FIG. 4 is a flow chart of a control method for a satellite communication-based drone provided by Embodiment 3 of the present invention. As shown in Figure 4, the method includes the following steps:

Step 301, the UAV sends a take-off request message to the management and control center through the satellite communication link, if the UAV receives the take-off instruction sent by the management and control center through the satellite communication link according to the identification and take-off position information, then perform step 302, if Step 306 is performed when the UAV receives the second takeover instruction sent by the management and control center according to the identification and take-off position information through the satellite communication link.

Wherein, the take-off request message includes the identity and take-off location information of the drone.

In this embodiment, when the management and control center verifies that the identity of the UAV is legal according to the identity identification, and the take-off position is outside the preset forbidden area, it is determined that the UAV meets the conditions for take-off, and then the management and control center passes through the satellite communication link. The road sends take-off instructions to the drone, allowing the drone to fly according to the instructions of the remote control. When the control center verifies that the identity of the UAV is illegal according to the identity identification, and/or, when the take-off position is located in the preset forbidden area, it is determined that the UAV does not meet the take-off conditions, and the UAV is sent to the UAV through a satellite communication link. A second takeover command is sent, so that the UAV is controlled by the control center.

Step 302, the UAV establishes a communication connection with the remote controller according to the take-off command, and accepts the control of the remote controller.

In this embodiment, when the UAV receives the take-off instruction sent by the control center, it establishes a communication connection with the remote controller, receives the control instruction sent by the remote controller, and performs flight according to the control instruction.

Step 303, the UAV sends flight data to the control center through the satellite communication link.

Wherein, the flight data includes the positioning information of the UAV during the flight.

In this embodiment, the positioning information may include the latitude and longitude information and altitude information obtained by the UAV during its flight, and the flight data may also include the speed information of the UAV. The drone can send flight data to the control center every preset time, so that the control center can effectively and accurately monitor the flight status of the drone.

Step 304, the UAV receives the first takeover command sent by the management and control center through the satellite communication link.

Wherein, the first takeover instruction is used to instruct the UAV to disconnect the communication connection with the remote controller, and make the UAV accept the control of the control center.

Step 305, the UAV disconnects the communication connection with the remote controller according to the first takeover instruction, and accepts the control of the control center.

In this embodiment, when the control center detects that the UAV enters the forbidden flight area according to the flight data, it sends the first takeover command to the UAV, so that the UAV and the remote controller are disconnected from the communication connection, and the unmanned The aircraft is under the control of the control center, which can accurately obtain data such as longitude and latitude information, altitude information, and speed information during the flight of the drone to achieve effective and precise monitoring.

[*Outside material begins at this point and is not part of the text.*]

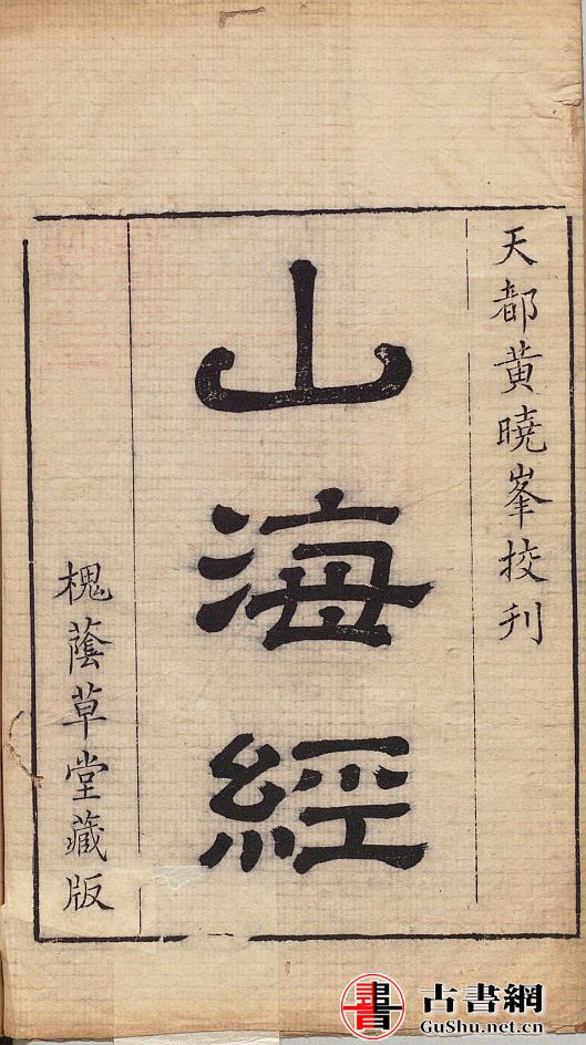 此写刻本为清乾隆时期黄晟槐荫草堂刊本。内容含:山海经序(郭璞撰)、山海经后序(杨慎撰)、上山海经奏(刘秀撰)及以上十八卷。此本与群玉书堂刊本基本一致。

The control center controls the flight status of the drone after it takes off. It can realize rapid remote takeover and achieve the purpose of effective management and control.

Step 306, the UAV accepts the control of the control center according to the second takeover instruction.

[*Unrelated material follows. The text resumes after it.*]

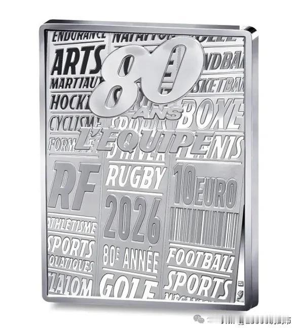 2026年,为庆祝《队报》创刊80周年,法国巴黎铸币局发行金银纪念币,借此向体育精神以及那些每日书写体育传奇的人们致敬。该套纪念币将体育激情与雕刻艺术完美融合,在方寸之间永恒定格了那些深刻影响了几代读者与球迷的感人瞬间、体育项目与人物。

In this embodiment, before the UAV takes off, if the management and control center judges that the UAV does not meet the take-off conditions according to the identity and take-off position information in the take-off request message sent by the UAV, the control center line will report to the UAV. The drone sends a second takeover command, and the drone is controlled by the control center.

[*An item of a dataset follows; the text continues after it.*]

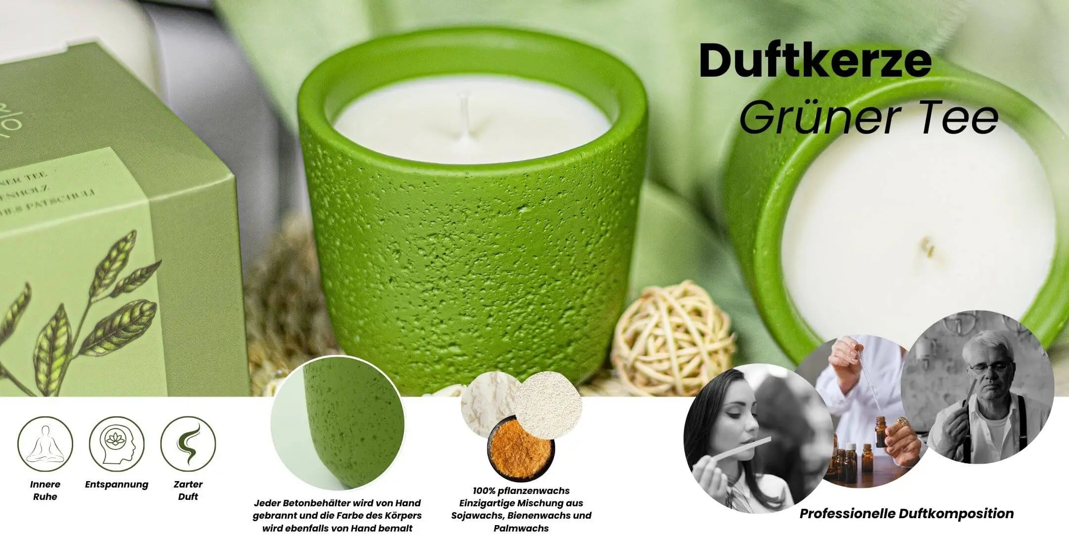 Betonkerze Auszeit mit grünem Tee

In the control method of the UAV provided in this embodiment, the UAV sends a take-off request message to the management and control center through the satellite communication link. The second takeover instruction is to accept the management and control of the control center according to the second takeover instruction; if the UAV receives the takeoff instruction sent by the control center through the satellite communication link according to the identity identification and takeoff position information, then according to the takeoff instruction and the remote control to establish Communication connection, and accept the control of the remote control. During the flight, the UAV sends flight data to the control center through the satellite communication link, so that the control center can accurately monitor the flight status of the UAV. When the UAV enters the prohibited When flying in the area, the UAV will receive the first takeover command sent by the control center through the satellite communication link, disconnect the communication connection with the remote control, and accept the control of the control center. The identity recognition of the UAV is carried out before take-off to avoid the launch operation of the illegal UAV. The control center can accurately obtain the longitude and latitude information, height information, speed information and other data during the flight of the UAV, so as to realize effective and accurate monitoring. The control center is in After the UAV takes off, it can control its flight status. In an emergency, it can realize rapid remote takeover, achieve the purpose of effective control, ensure the safety of the UAV during use and operation, and prevent illegal flying, which is beneficial to protect the UAV. The industry is developing healthily, rapidly and orderly.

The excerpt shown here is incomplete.